Summary

I have made a ROS program that allows me to send the position of an ArUco marker to the robot, so that it can be placed just above it at a defined distance (in Z). To do this, two nodes are used: One node for the vision system and the transmission of the ArUco’s pose and another node to receive this information and execute the robot’s movement. Everything works correctly, I mean, the robot positions itself satisfactorily until suddenly (I don’t know the cause) the robot stops accepting new poses and the connection is closed. If I run again the external control from the teachpedant, the program still works.

Versions

ROS Driver version: Melodic with Ubuntu 18.04
Affected Robot Software Version(s): URSoftware 5.9.1.1031110
Affected Robot Hardware Version(s): UR10e
URCaps Software version(s): External Control 1.0.5

Impact

Due to this problem, it is not possible to smoothly use external control for guidance tasks based on visual markers.

Issue details

I have made a ROS program that allows me to send the position of an ArUco marker to the robot, so that it can be placed just above it at a defined distance (in Z). To do this, two nodes are used: One node for the vision system and the transmission of the ArUco’s pose and another node to receive this information and execute the robot’s movement. Everything works correctly, I mean, the robot positions itself satisfactorily until suddenly (I don’t know the cause) the robot stops accepting new poses and the connection is closed. If I run again the external control from the teachpedant, the program still works.

The controller used is the “fordward_cartesian_traj_controller”. The driver has been downloaded from : https://github.com/UniversalRobots/Universal_Robots_ROS_Driver

In addition, the message that appears on the console is attached in the following image: MicrosoftTeams-image

Extra details

In case you require further information, please do not hesitate to ask for it.

Thanks in advanced!

Jan 31 '22 09:01 DanielBilbao12

First of all, thank you for posting this.

Basically, what I think is happening here:

The control node running on the ROS machine (or the communication between the two machines) is not fast / reliable enough. This is why we suggest using a ROS machine with a real-time patched kernel and a dedicated network connection. I can't see whether you've got that kind of setup running.
When the robot does not receive a command from the ROS machine every control cycle, it will end the program (hence, your robot stops)
From the screenshot you posted (preferably post output using syntax hoghlighting instead of screenshots) it looks like your Teach-Pendant program tries to reconnect automatically, but that happens too fast for the current implementation. (That's a bug known to me, but I haven't found the time to address it, yet). A workaround for that would be to add a sleep command at the end of your TP-Program (after the external_control node). Then, your robot will automatically reconnect to your ROS machine. This will however still stop your robot, unfortunately.
As a workaround (I do see the problem here and this should be fixed properly), you could try modifying the driver by setting a higher keepalive counter. This can be done by adding ur_driver_->setKeepaliveCount(5); after this line. You can change the number 5 to anything you like. The higher the number, the more control cycles without any feedback from the ROS machine the robot will allow. Note, that this is an assumption that this workaround should work, so please report back in any case.
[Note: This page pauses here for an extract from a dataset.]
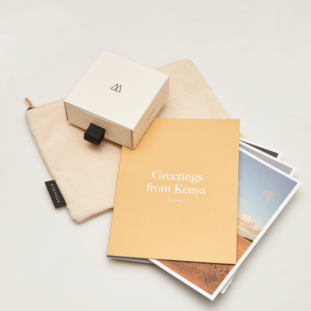 Collaborating to advance female empowerment, Aisha collection is designed in support of Afrikable, a non-profit Foundation committed to enabling women in Lamu, Kenya.

I hope, this explanation helps and we can address this properly, soon.

Feb 02 '22 16:02 fmauch

As mentioned on the forum, I also hit this issue when running the driver in a VM. On my side 20.04 and Noetic over a gigabit wired switch, no chance to get a stable connection in a VM (Parallels on Mac), but runs for days with zero hiccups on a real linux machine. I have not inquired further and suspected that it might be something to do with the VM not being responsive enough compared to native hardware, but this prevents me from developing with my laptop while travelling which is quite inconvenient, since I would ideally be able to run ROS in a VM alongside URSim, which is at the moment not possible (at least on my config).

I am not sure what is the error about the "maximum number of clients (1) already connected", could this point rather more to an issue with the network driver of the VM environment?

I have no time to dig further until the end of next week but will happily run more tests after to see if I can isolate the issue to something more specific.

Feb 02 '22 21:02 aatb-ch

Maybe a note, our robots are UR10 with CB3.0 running 3.15, the linux machines dont have a RT kernel.

Feb 02 '22 21:02 aatb-ch

Hello again!

First of all, thank you for your quick response!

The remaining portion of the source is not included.